Polycystic ovarian syndrome (PCOS) is a very common endocrine disorder (1). Infertility in women with PCOS is due to oligoor anovulation. Several theories have been proposed to explain anovulation in PCOS women; one of these theories showed that follicular unresponsiveness is due to Insulin Resistance (IR) and compensatory hyperinsulinemia (2). It was found that IR occurs in the women with PCOS even if oral glucose tolerance test was normal and they have an increased risk of premature atherosclerosis and metabolic syndrome (3). Also, excess androgens in PCOS women have a direct vasoconstrictive effects on vascular tissues (4), thereby increasing vascular resistance. Therefore, PCOS women have an increased predisposition to atherosclerosis with resultant hardening and thickening of vessel walls (5), which may also result in increased systemic vascular resistance. Presumably diminished uterine blood flow seems to be one of the principal problems in the pathogenesis of infertility or sub-fertility in women with PCOS who have hyperandrogenism or are obese (6), and may be one of the mechanisms by which these women have reduced fecundity and an increased risk of aberrant pregnancy outcome (7, 8). Several studies and clinical trials introduced new therapies in this area and their main action was directed to increase the ovarian, endometrial and subendometrial blood flow aiming to enhance the process of ovulation, improve ovum quality and increase endometrial receptivity. Some studies have shown that nitric oxide (NO) plays a role in the mechanisms of ovulation, corpus luteum formation and implantation (9, 10). Others stated that vitamin E, L-arginine, or sildenafil citrate treatment improves uterine radial artery-RI and endometrial thickness and may be useful for the patients with a thin endometrium (11). The aim of this multicenter randomized controlled trial was to detect whether a vasodilator calcium channel blocker, amlodipine, could normalize the pre-ovulatory follicular blood flow and enhance follicular maturation in women with PCOS.
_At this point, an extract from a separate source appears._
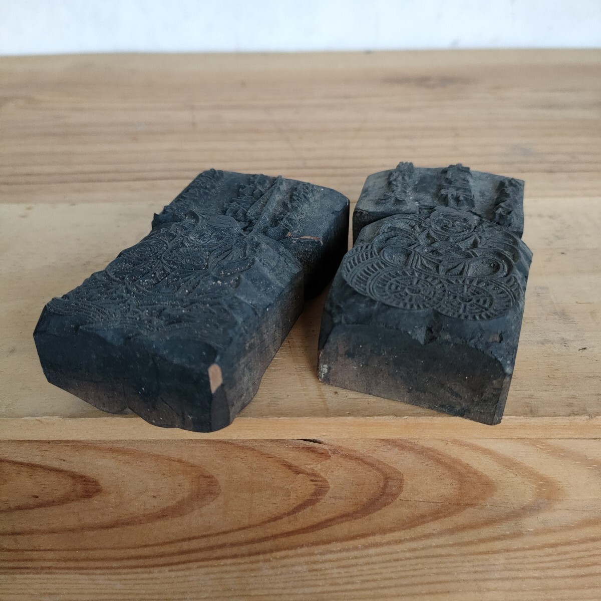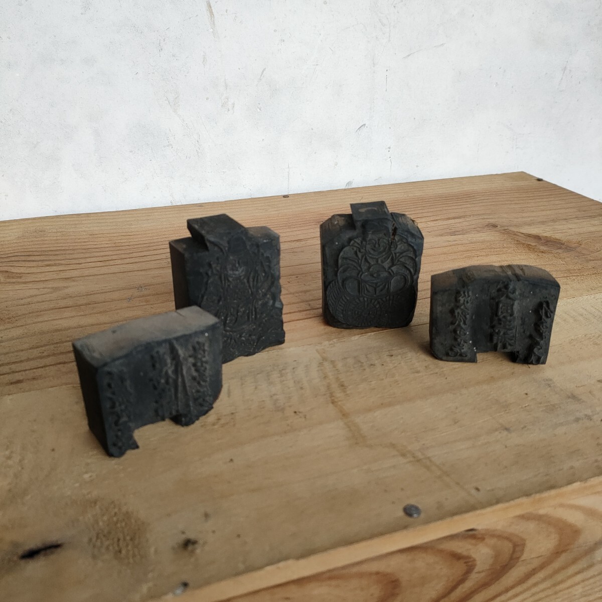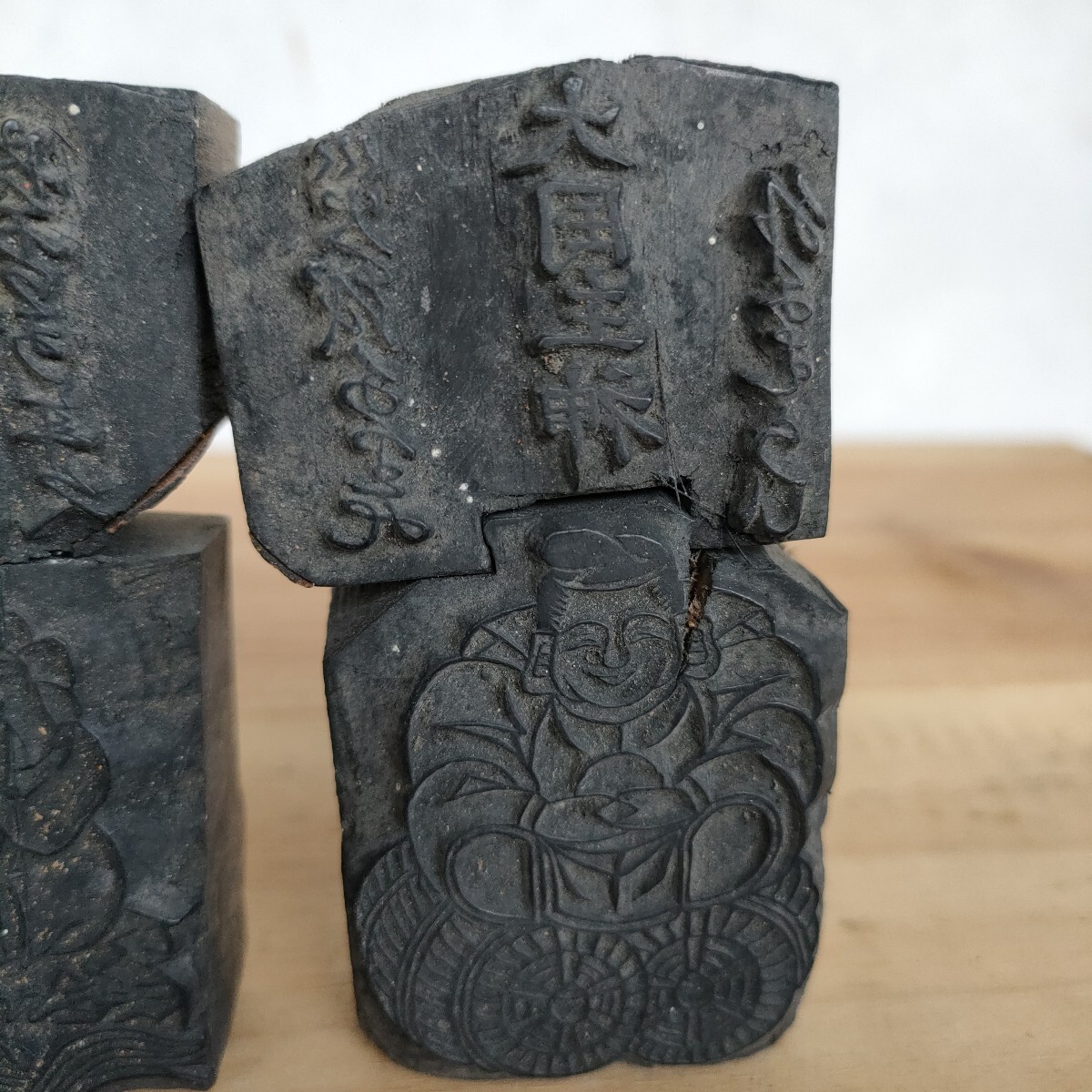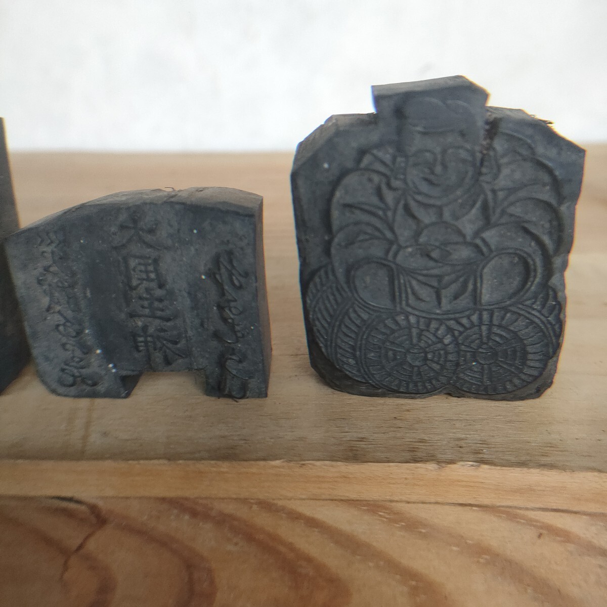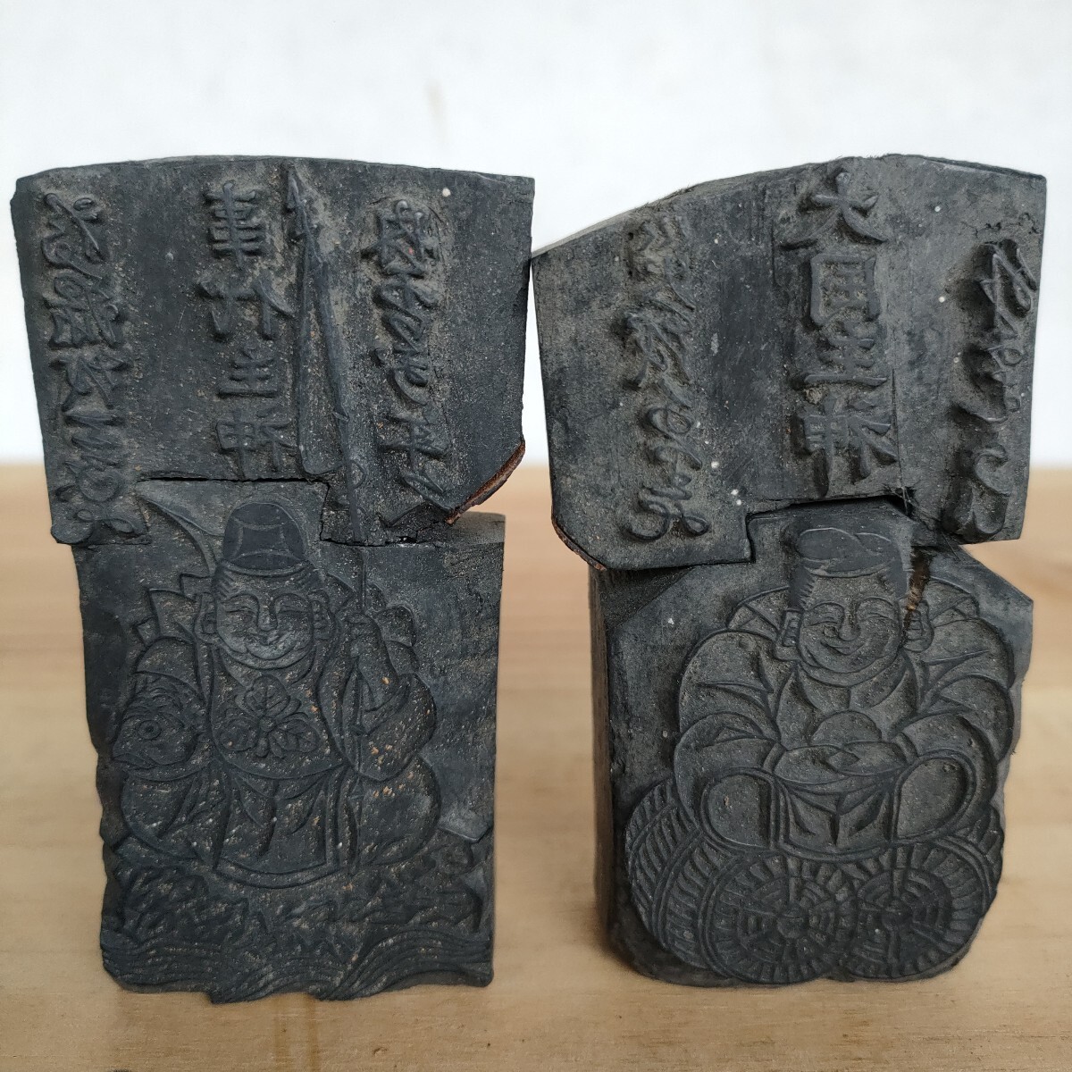 こちらは蔵出し初出し 版木 事代主神 大国主神 恵比寿天 大黒天 2体セット 9cm×5cm 木版画 原版 木版 縁起物 時代物 古道具 民間信仰 工芸品 木工 民藝 古美術 希少になります。
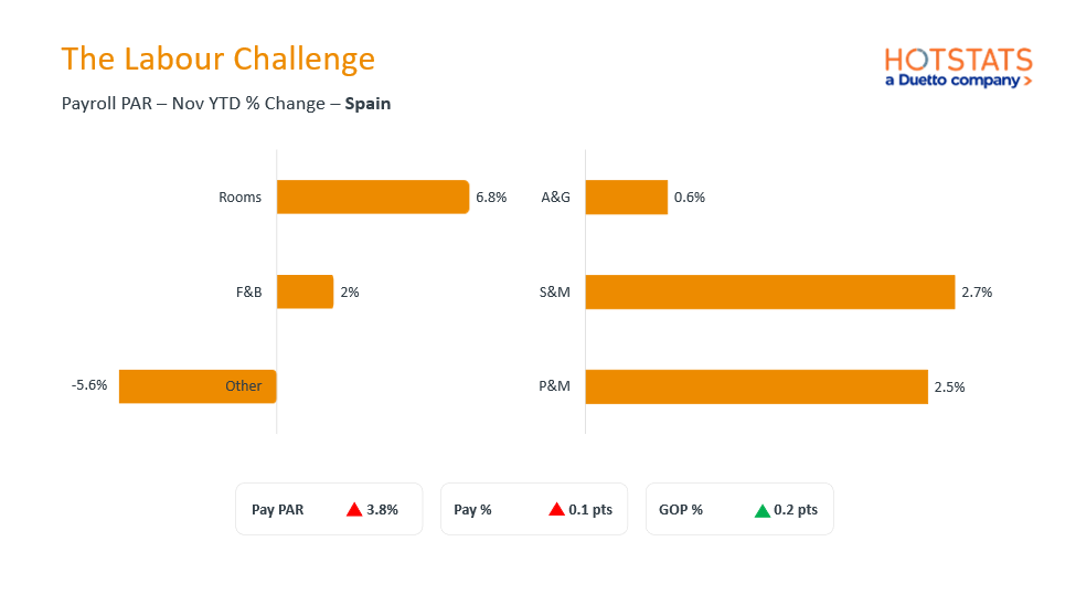 Total labour costs are up almost 5.0% across Europe, while in Spain they have increased by 4.0%, directly affecting GOP performance.

This trial was conducted at the infertility clinics of Medical Research Centre of Excellence at the National Research Centre, Ain Shams University Maternity Hospital. It was conducted during the period from February to September 2013. The study was approved by Ethical Committee of the National Research Centre and registered with the Pan African Clinical Trial Registry. A total of 113 infertile women were seen and examined. Only sixty five infertile women with PCOS were recruited (Figure 1) with the inclusion criteria of age of ≥20 and ≤39 years, and body mass index (BMI) of ≤40 kg/m², infertility secondary to PCOS, as indicated by presence of at least two of the following criteria according to The Rotterdam consensus workshop (12); clinical hyperandrogenism (Ferriman Gallwey score>8) or biochemical hyperandrogenism (Elevated total/free testosterone), oligomenorrhea or oligo-ovulation, polycystic ovaries on ultrasound (≥12 follicles in one ovary or ovarian volume ≥10 cm3). Women were excluded from the study if they had other causes of infertility diagnosed during infertility workup; if they got pregnant, if they received more than 4 cycles of CC or any form of contraception in the previous year from recruitment. Hepatic, cardiac, and hypotensive (Blood pressure <90 0 mm/Hg) women were also ruled out from the study.
Clomiphen citrate was used for ovulation induction for both the amlodipine and placebo groups. A 100 mg single morning dose of clomiphene citrate (Clomid, Sanofi Aventis, Paris, France) was given for 5 days starting from the second day of the menstrual cycle according to the recommendation of the manufacturer (13). Before embarking on giving amlodipine in the second cycle, randomization started. CC as the previous dosage and amlodipine 5 mg (Norvasc, Pfizer Inc, Egypt) were given orally in the second cycle. Amlodipine was given from day 6 to day 12 of the cycle once per day just before bed time to minimize the side effects. In this study, amlodipine was selected because it inhibits calcium ion influx across cell membranes selectively, with a greater effect on vascular smooth muscle cells than on cardiac muscle cells (14). This action is of gradual onset and long half life (half life is from 35 to 45 hr) (15). Moreover, it is a cheap drug with the least side effects; swelling of legs, tiredness or sleepiness, dizziness, palpitations, arrhythmia are the typical side effects and they were surpassed by giving the drug at bed time. 5mg dose was given and normotensive non-cardiac patients were included.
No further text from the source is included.